MassDevelopment Offers Developers a Wider Range of Incentives than Tri-Town

November 17, 2009

The Patriot Ledger, by Allison Manning

DEVENS – Backed by state money and a track record of revitalizing blighted areas, MassDevelopment works with a much different tool set than the South Shore Tri-Town Development Corp. Both agencies are responsible for putting closed military base land to protective uses. But the similarities don’t go much further.

As the state’s finance and development authority, MassDevelopment tries to stimulate economic growth by funding projects across the state. Loans totaling more than $43 million were made during the authority’s most recent fiscal year, for real estate, equipment and special programs.

About half of MassDevelopment’s operating budget is for Devens. The agency is responsible for providing all municipal services to the residents and businesses on the former military base. It hires firefighters, performs public works projects and signs contracts for educational services, among other things. The municipal services are paid for with $3.7 million in annual property-tax revenue.

It has similar hands-on relationships with projects at 100 Cambridge Street in Boston and Village Hill in Northampton.

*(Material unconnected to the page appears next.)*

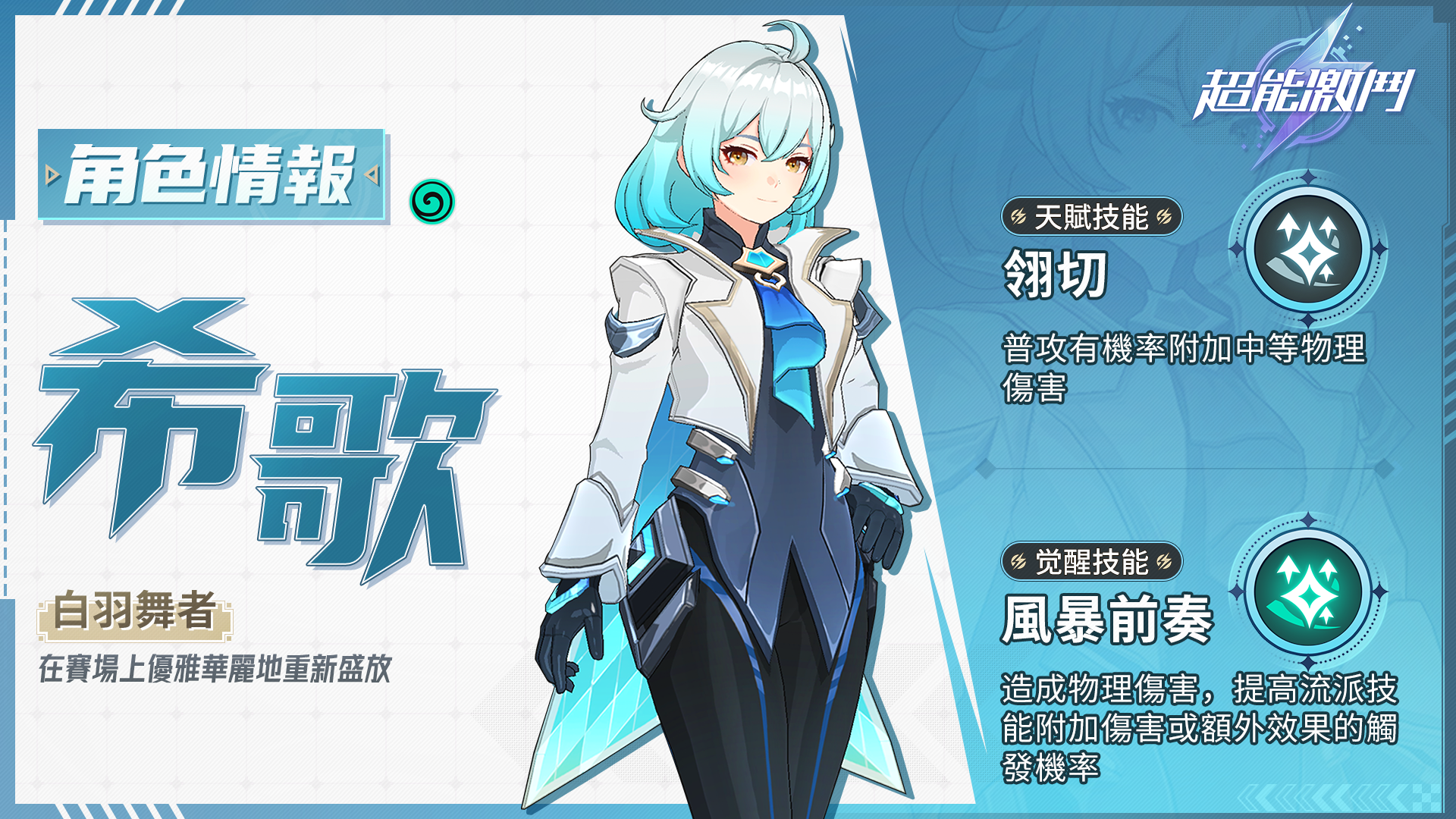 作為一位風系敏捷型的靈能少女,希歌以其迅捷又不失優雅的動作和精準的攻擊在賽場上馳騁,每次攻擊都可能帶來額外的物理傷害,如同風中的利刃,無聲無息卻致命無比。

The MassDevelopment route is very different from the one Weymouth, Rockland and Abington chose when forming Tri-Town. MassDevelopment Vice President of Research Mark Sternman said he viewed it as a “mini version of federalism,” deciding whether to let the individual municipality or the state make the decisions.

“I don’t know if there was a reason Devens was done one way and Weymouth was done another way,” Sternman said. “I don’t think at the time (the choice was made) … anyone thought that Devens” would be this successful.

Backed by the state, MassDevelopment has an edge over other communities when courting businesses. Under the reuse plan adopted by the three towns around Devens, it does not need to consult with residents unless it is seeking a change.

“We have a little more flexibility than a municipality would have,” MassDevelopment Chief of Staff Meg Delorier said.

MassDevelopment can issue tax-exempt bonds to businesses. The Devens Recycling Center, for example, took advantage of a $12 million loan.

While MassDevelopment is best known for its role at Devens, the quasi-public agency finances a range of projects, from helping a school purchase an administrative building to issuing a $2.6 million tax-exempt bond to the operator of an assisted-living facility.